Qualche giorno fa la NASA, in una conferenza stampa riservata a eventi speciali, ha annunciato un’importante scoperta. A 40 anni luce da noi c’è una piccola stella arancione chiamata Trappist-1 (nome mutuato dal Transiting Planets and Planetesimals Small Telescope, TRAPPIST, che si trova in Cile) . La cosa interessante è attorno a questa stella nana ruotano sette pianeti con caratteristiche simili alla Terra. Sebbene siano molto vicini alla loro stella, questa ha emissioni di calore contenute e quindi le loro temperature ambientali dovrebbero essere comprese in un range compatibile con la vita, nè troppo calde nè troppo fredde. La scoperta, possibile grazie a parecchi telescopi terresti che hanno lavorato in parallelo, è stata confermata dal telescopio spaziale della NASA Spitzer.

Trappist-1 è più grande di Giove, ma è circa 6.500 volte più fredda del nostro sole.

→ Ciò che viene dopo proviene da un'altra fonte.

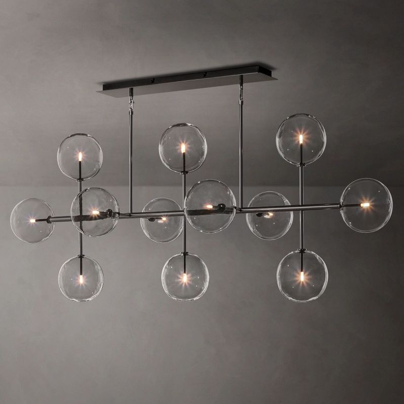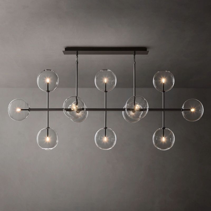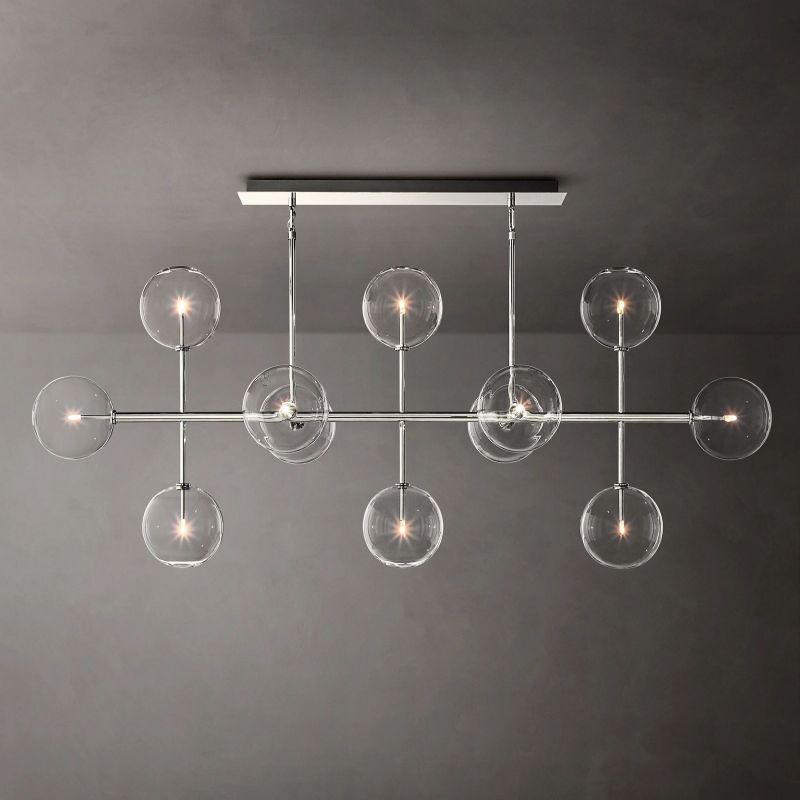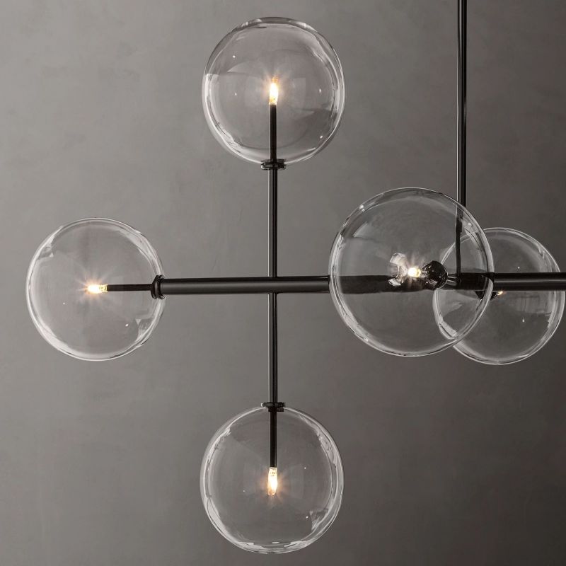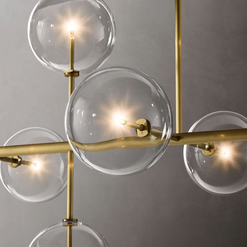 Delicate, handblown glass globes float at the ends of solid brass rods in our collection. Crafted in Poland by master glassmakers, each fixture conveys fluidity and motion yet is anchored in the pure modern architecture of its form.
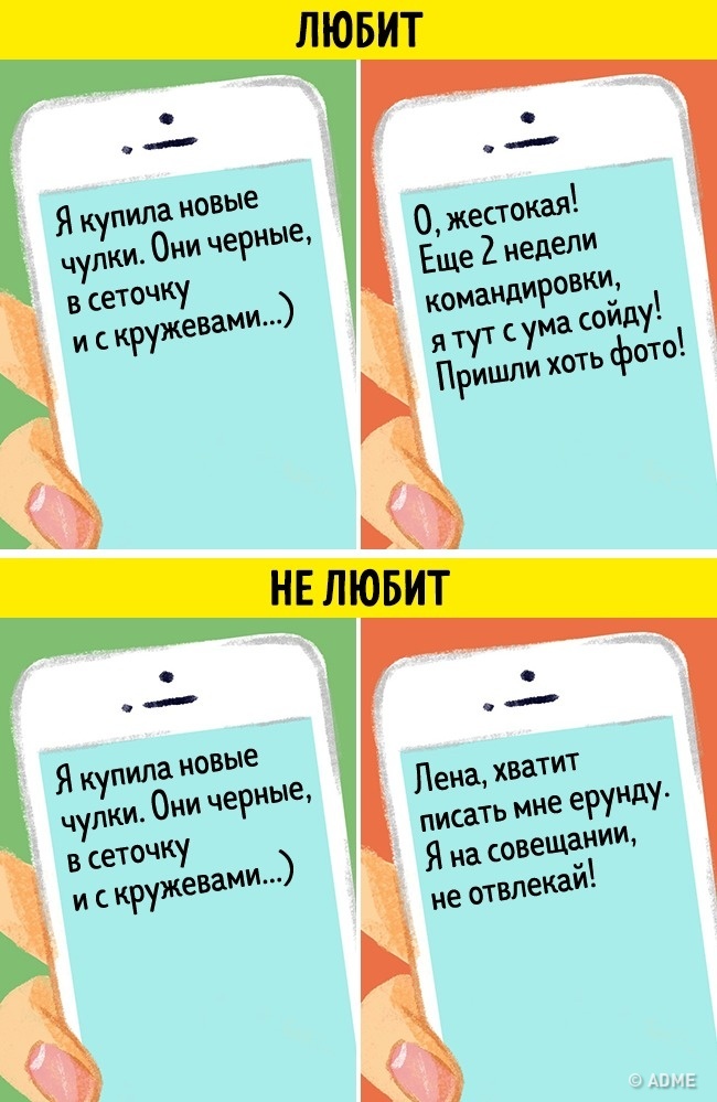 «Любов чоловіка виражається у трьох формах: він прилюдно заявляє свої права на вас, захищає і забезпечує» — так вважає Стів Харві, автор нашумілої книги «Роби як жінка, думай як чоловік». Частково з цим можна посперечатися — в наш час далеко не всі жінки потребують забезпечення або захист з боку чоловіка. Але точно потребують любові, якщо вже завели роман. Правда, іноді жінки схильні бачити любов там, де її зовсім немає.

Nonostante questo osservandola, indirettamente, si sono riusciti a scoprire i sette pianeti del suo sistema solare. Registrando cambiamenti regolari nelle sue emissioni di radiazioni, con una tecnica chiamata misurazione di transito, si sono ricostruite le sagome degli esopianeti e si è potuto procedere alla loro identificazione. La scoperta del nuovo sistema solare si deve a Michaël Gillon e alla sua equipe dell’Università di Liège in Belgio, che già nel 2016 pubblicava la sua prima descrizione degli esopianeti orbitanti attorno alla stella Trappist-1.

Almeno tre di questi nuovi pianeti potrebbero sostenere la vita. E potenzialmente abitabile, dice Gillon, significa presenza di acqua liquida. Le analisi dei dati di transito hanno permesso anche al team di Gillon di stimare le dimensioni dei pianeti. Come si può vedere dal grafico sotto, almeno quattro pianeti hanno misure paragonabili a quelle della Terra con differenze di circa il 10 %.

Le dimensioni dei 7 esopianeti

L’aspetto dei sette pianeti, naturalmente, è solo una ricostruzione. Non sono stati osservati direttamente, ma si presume che quelli più vicini a Trappist-1 siano più caldi e quindi più aridi. Il loro colore, però, dipende anche dalla presenza di acqua e dal tipo di atmosfera delle quali, per il momento, si sa poco e nulla.

Parecchi libri di fantascienza dicono ‘se hai ossigeno, hai vita’, ma questo non è vero, aggiunge Gillon. Per poter affermare che ci sono speranze di trovare un’atmosfera come la nostra, bisogna trovare anche tracce di molecole come l’anidride carbonica e l’ozono. Il vantaggio è che adesso astronomi e scienziati sanno cosa cercare e dove puntare i loro telescopi. L’astrofisico Amedeo Balbi spiega bene il valore di questa scoperta e quanto rende probabile forme di vita extraterrestri.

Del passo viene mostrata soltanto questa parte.